Task 4 - Internet, anyone?

(This task is based on a problem set in an examination some years back. In the examination, candidates were given the basic grammar and asked to suggest the actions that had to be added.)

As you should be aware, IP addresses as used in Internet communication are typically expressed in "dotted quad" form, as exemplified by 146.231.128.6. The IP address actually represents a 32 bit integer; the four numbers in the quadruple corresponding to successive 8 bit components of this integer. For humans, machine addressing is usually more memorable when expressed in "DNS" format, as exemplified by terrapin.ru.ac.za. Some systems maintain tables of matching addresses, for example

         146.231.122.131   bungee.ru.ac.za       #comments appear like this
         146.231.128.6     terrapin.ru.ac.za
         146.231.56.10     thistle-sp.ru.ac.za
         147.28.0.62       psg.com

When we moved our CS and IS departments to new premises in Hamilton on the famous 9/11 in 2001, a decision was made to rename and uniquely renumber all the many machines in our possession. Our system administrators tried to draw up a table like the one above, which was then merged with the existing table in the IT division. Unfortunately, a few mistakes were made, which caused havoc until they were ironed out. For example, there were lines reading

         146.231.122.1123  pdt1.ict.ru.ac.za     #invalid IP address
         146.231.122.156   pdt2.ict.ru.ac.za
         146.231.122.156   pdt3.ict.ru.ac.za     #non-unique IP address

The ATG files below show how Coco/R might be used to develop a system that would enable a file in this format to be checked quickly, and the errors identified. One shows how parameters may be passed between parsing methods, and the other how static variables in the parser class may be accessed from several methods:

  using Library;
  using System.Collections.Generic;

  COMPILER Check3 $CN
  // Put your names and a description here
  // This version uses parameters

  IGNORECASE

  CHARACTERS
    digit   = "0123456789" .
    letter  = "ABCDEFGHIJKLMNOPQRSTUVWXYZabcdefghijklmnopqrstuvwxyz" .
    eol     = CHR(10) .

  TOKENS
    number = digit { digit } .
    name   = letter { letter | digit | "." | "-" } .

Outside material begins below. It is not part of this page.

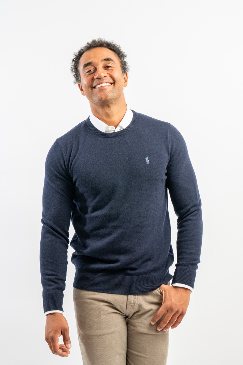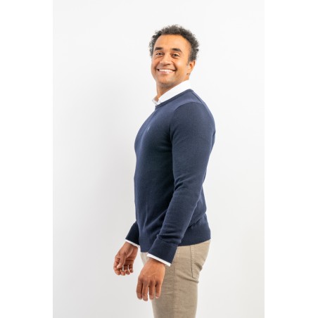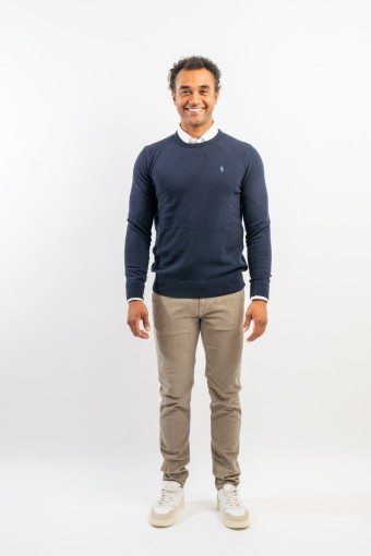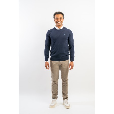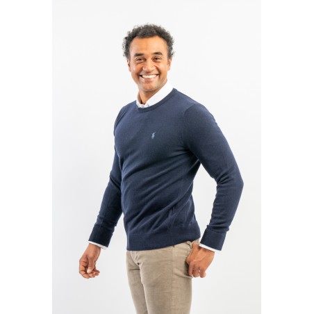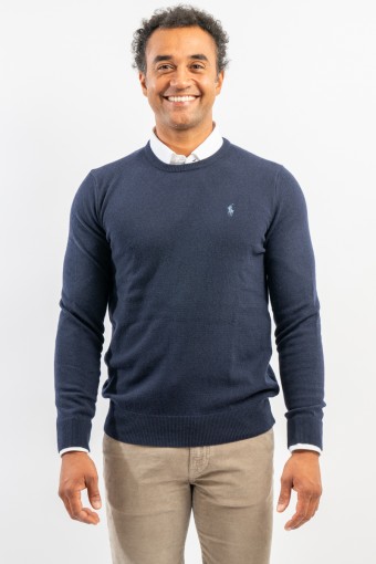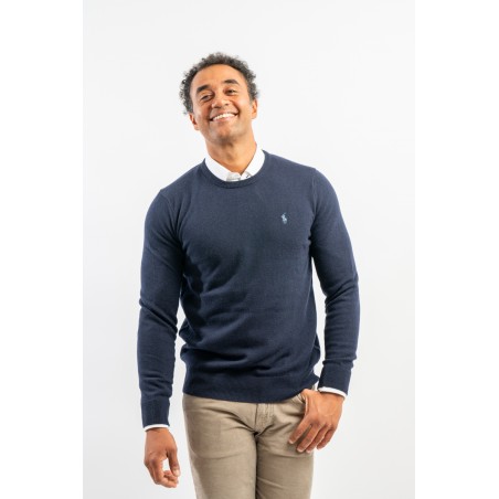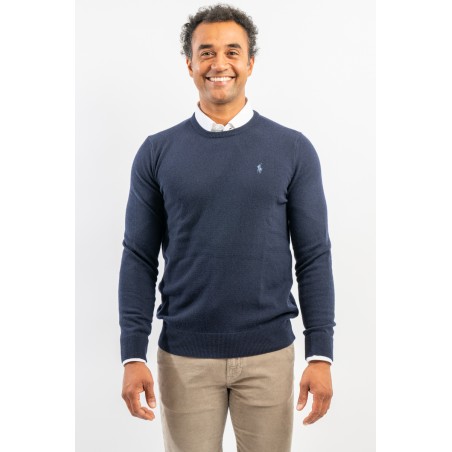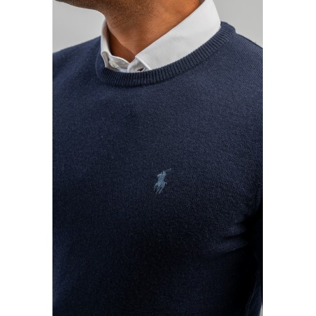 Classic crewneck sweater, solid color, in fine merino wool with iconic label embroidered on the chest. Line POLO RALPH LAUREN.

  COMMENTS FROM "#" TO eol

  IGNORE CHR(0) .. CHR(31)

  PRODUCTIONS
    Check3                        (. List<int> IPList = new List<int> (); .)
    =
    { Entry<IPList> }
    EOF                           (. if (Successful()) IO.WriteLine("all correct"); .)
    .

    Entry<. List<int> IPL .>
    = IPNumber<IPL> name .

    IPNumber<. List<int> IPL .>
    =                             (. int n, m; .)
    Number<out n>
    "." Number<out m>             (. n = 256 * n + m; .)
    "." Number<out m>             (. n = 256 * n + m; .)
    "." Number<out m>             (. n = 256 * n + m;
                                     if (IPL.Contains(n)) SemError("duplicate IP number");
                                     else IPL.Add(n); .)
    .

    Number<out int n>
    =  number                     (. try {
                                       n = Convert.ToInt32(token.val);
                                     } catch (Exception) {
                                       n = 256;
                                     }
                                     if (n > 255) SemError("number too large"); .)
    .

  END Check3.

────────────────────────────────────────────────────────────────────────────

  using Library;
  using System.Collections.Generic;

  COMPILER Check4 $CN
  // Put your names and a description here
  // This version uses a static List, but no parameters

  static List<int> IPList = new List<int> ();

  IGNORECASE

  CHARACTERS
    digit   = "0123456789" .
    letter  = "ABCDEFGHIJKLMNOPQRSTUVWXYZabcdefghijklmnopqrstuvwxyz" .
    eol     = CHR(10) .

  TOKENS
    number = digit { digit } .
    name   = letter { letter | digit | "." | "-" } .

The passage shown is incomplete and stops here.